What this task involves> Nothing but the lines holding the string "that" should appear in the answer. Copy them from the entries.

[Information provided Boundary: Start]

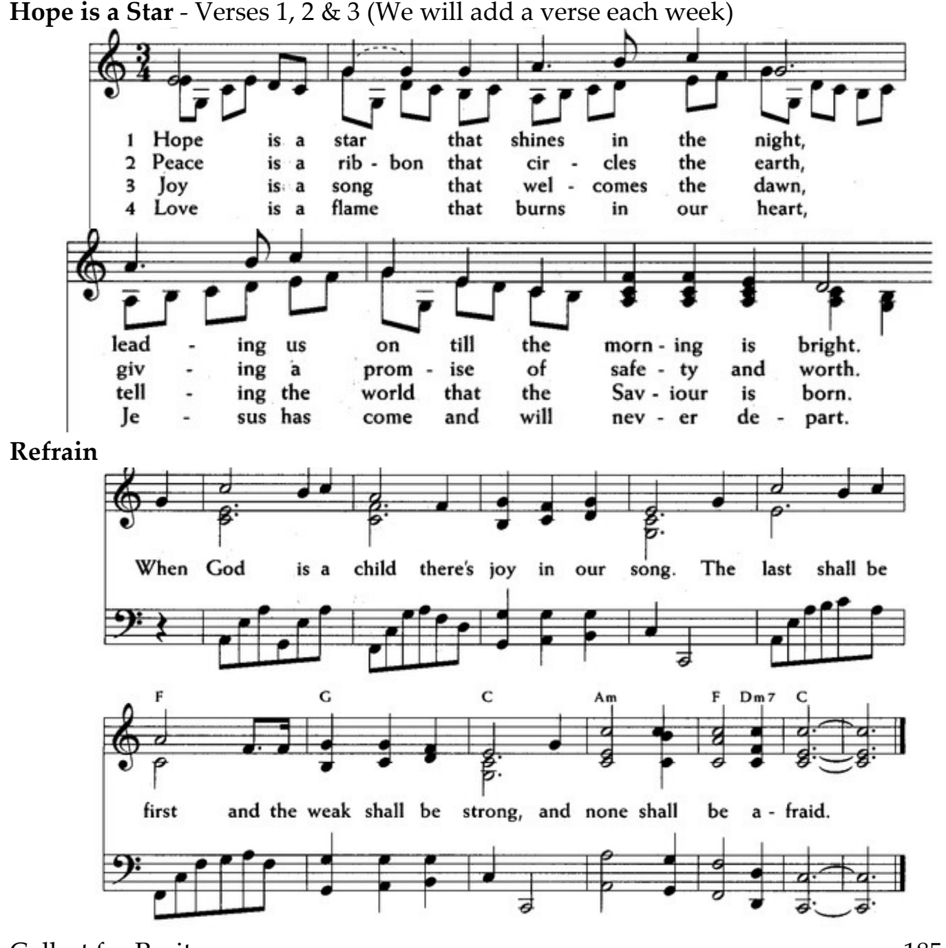
Hope is a Star - Verses 1, 2 & 3 (We will add a verse each week)
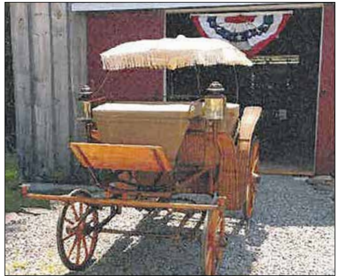
A lifetime journey - starting in 1850 in Ogantz, PA destined for Hob & Nob Farm in Francestown, NH, then on to Charleston, SC from where it once again returned to Francestown, NH for quite likely what will be its final home in the Francestown Heritage Museum.
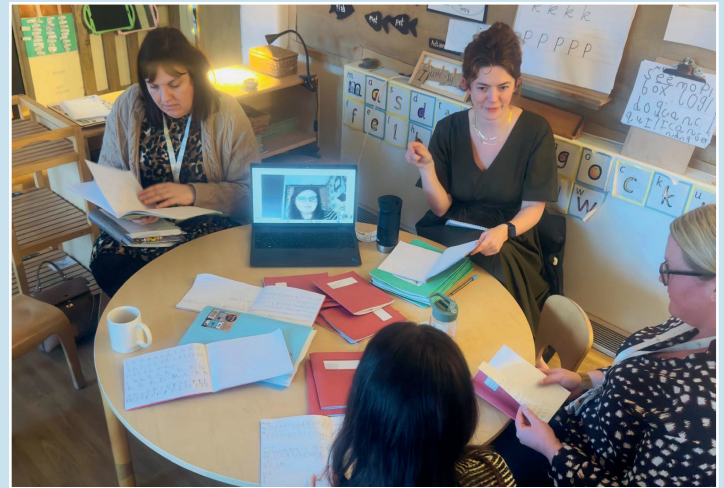
Curriculum networks continue to strengthen our commitment to ensuring the best education for all

These values unite us, define our purpose, and fuel our determination to provide the very best for every child. I am immensely proud of what we are achieving together and grateful for the unwavering commitment shown across our trust.
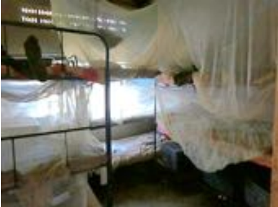
Despite the general availability of mosquito nets, some students choose not to use them because they feel they reduce airflow. We expressed health and safety concerns about overcrowding in the hostels, but the school feels it is under pressure from parents to take
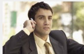
Remote system control and 2-way audio
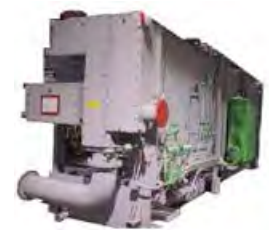
YHAP-C Single stage absorption Steam, Gas or Hot Water driven / R718 Hot water up to 95°C Heating cap.: 900 to 40000 kW
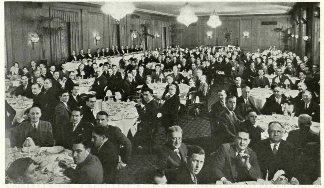
ANNUAL BANQUET OF THE NATIONAL ASSOCIATION OF GREENKEEPERS OF AMERICA, HOTEL PENNSYLVANIA, NEW YORK CITY

At Toledo we were in our infancy, in Louisville we had reached our boyhood, but at New York we had grown to full manhood. The National Association of Greenkeepers of America is now on a journey of success and we trust at Chicago our next stepping stone, that we will repeat the successful gathering held at New York.
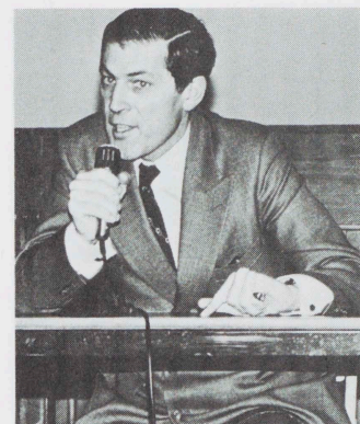
Philippe de Montebello
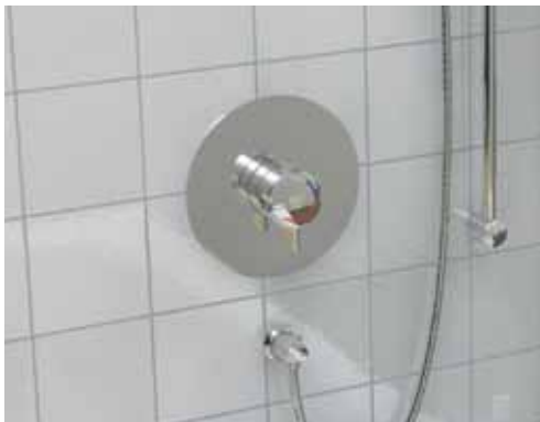
Concealed valve, circular backplate
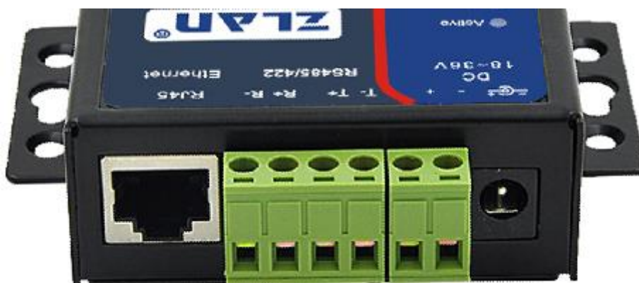
Figure 4 Port Diagram 1
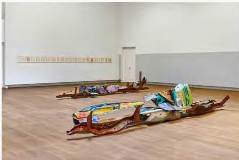
Installation view, John Chamberlain, 'The Poetics of Scale' at Hauser & Wirth Monaco until 2 September 2023. © 2023 Fairweather & Fairweather LTD / Artists Rights Society (ARS), New York. Courtesy the John Chamberlain Estate and Hauser & Wirth. Photo: Jean-Christophe Leff

This exhibition pairs John Chamberlain's early poetry with his sculptural series Gondolas and Tonks from the 1980s , epitomizing the artist's poetic approach to materials and scale . Chamberlain's poetry will be shown publicly for the first time, illuminating a sensitive and little-known aspect of his practice produced at Black Mountain College in the 1950s.
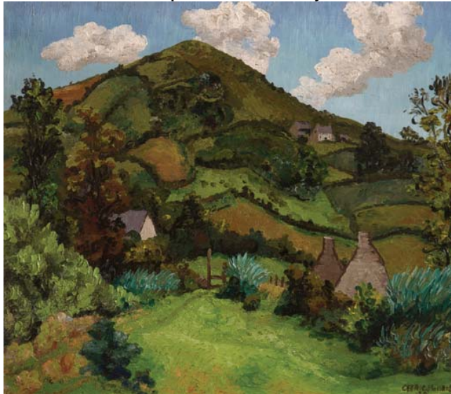
Cedric Morris, Harding Down, Llangynwyd, Bridgend, 1928. Gallery Oldham.

This autumn Norwich Castle hosts the first exhibition devoted to the British artists Cedric Morris (1889-1982) and Christopher Wood (1901-30) focussing on their friendship and the many artistic links between them
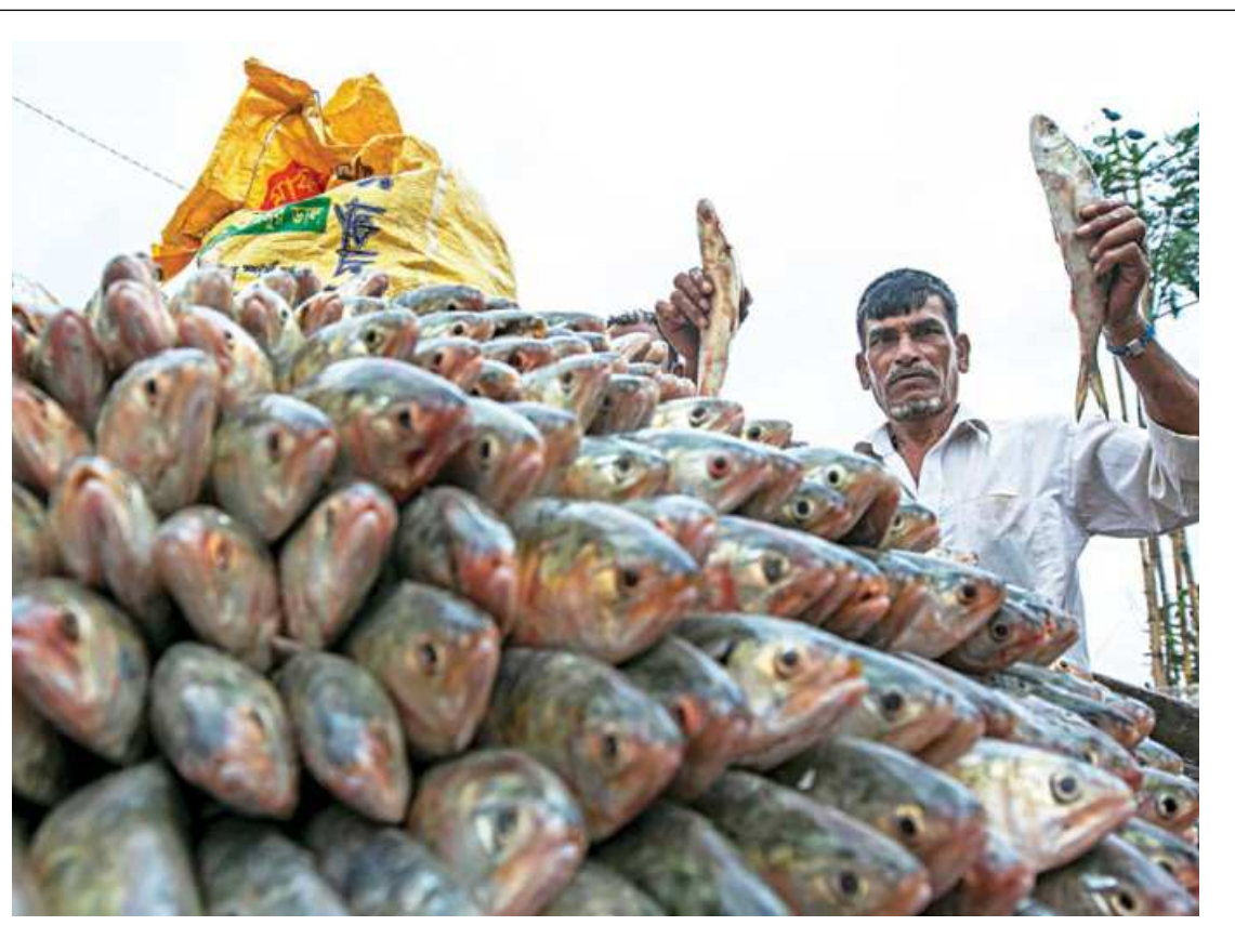
Fishers across the country have ventured out with their net after the 65-day long ban on catching Hilsa at sea ended on Friday. Although the first two days saw a depression at the Bay of Bengal, anglers are hoping their fortunes will recover soon. These photos were taken yesterday from Chattogram city's Fishery Ghat area.
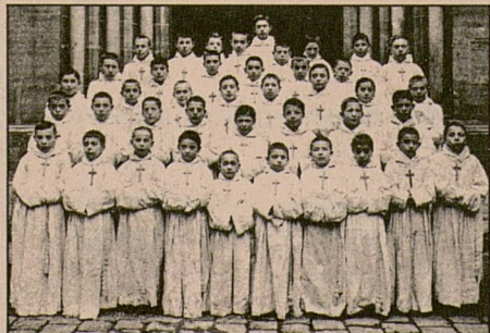
1908: The first Little Singers

It all started more than 80 years ago, in 1907, when a few Parisian students felt the desire to revive the medieval tradition of religious boys choirs, which had been somewhat forgotten in the course of the centuries.
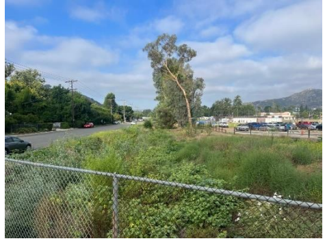
Need sign here at Tierra Bonita Rd

Need sign here at intersection to unnamed trail on Espola. 24. Kent Trail: this trail is not labeled at east end beginning of trail – needs sign here:
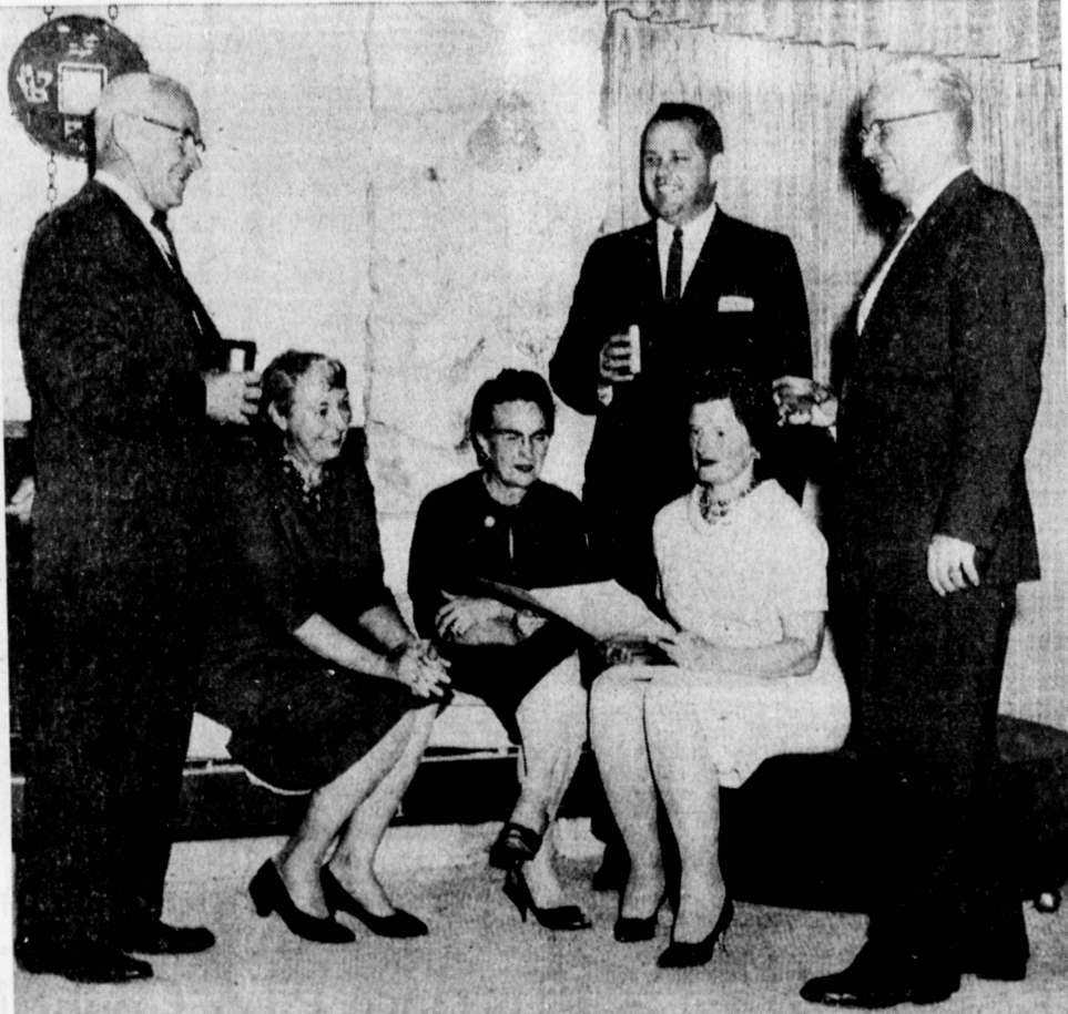
ANNIVERSARY CELEBRATION . . . These board members of the Little Company of Mary Hospital gathered this week to discuss plans for the Founders' Day banquet to be held next Wednesday evening, Jan. 31 at the Plush

Are you going steady? Making marriage plans? If so, send for ANN LANDERS' booklet, "Before You Marry—Is It Love Or Sex?" enclosing with your request 20 cents in coin and a long, self-addressed, stamped envelope. Ann Landers will be glad to help you with your problems. Send them to her in care of this newspaper enclosing a stamped, self-addressed envelope. Copyright 1962, Field Enterprises, Inc.
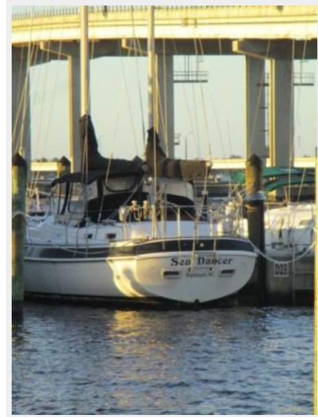
6. 41' Morgan Transom View
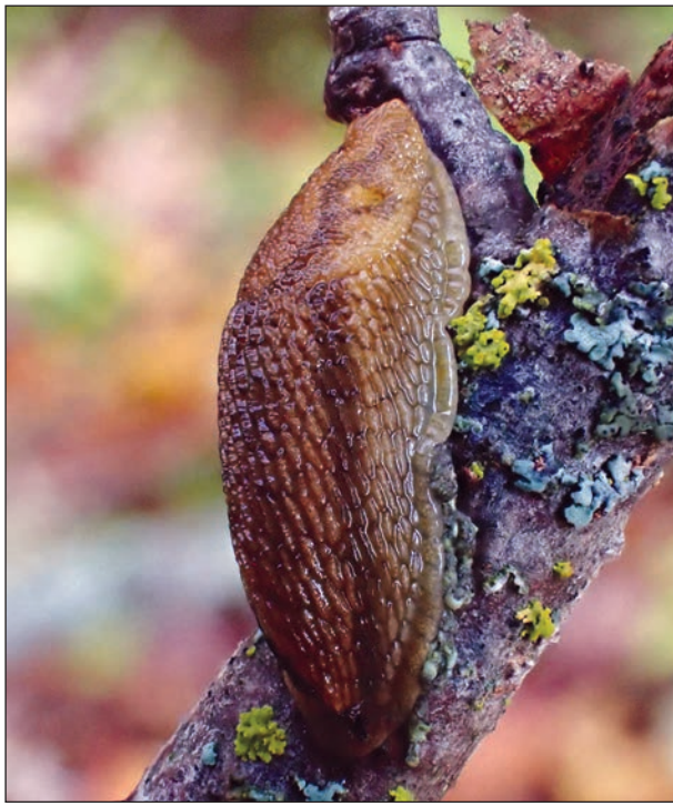
As this dusky arion slug rests on a lichen covered stick, noticed the undulating foot along the length of their body, as well as the mantle of different textured skin near their head. You can barely see a tiny dimple that is their closed pneumostome or breathing hole.

Suddenly, something wet and shining loomed ahead. As I watched, the slug extended their beige-colored form and undulated across the lichen field on their single, body-length foot. Their movement was surprisingly graceful. When I looked up the species, the name was lovely, too: dusky arion. Never mind that they are introduced from Europe and often become garden pests. I'll re-

[Information provided Boundary: End]

Output below>
At Toledo we were in our infancy, in Louisville we had reached our boyhood, but at New York we had grown to full manhood. The National Association of Greenkeepers of America is now on a journey of success and we trust at Chicago our next stepping stone, that we will repeat the successful gathering held at New York.
As this dusky arion slug rests on a lichen covered stick, noticed the undulating foot along the length of their body, as well as the mantle of different textured skin near their head. You can barely see a tiny dimple that is their closed pneumostome or breathing hole.
Suddenly, something wet and shining loomed ahead. As I watched, the slug extended their beige-colored form and undulated across the lichen field on their single, body-length foot. Their movement was surprisingly graceful. When I looked up the species, the name was lovely, too: dusky arion. Never mind that they are introduced from Europe and often become garden pests. I'll re-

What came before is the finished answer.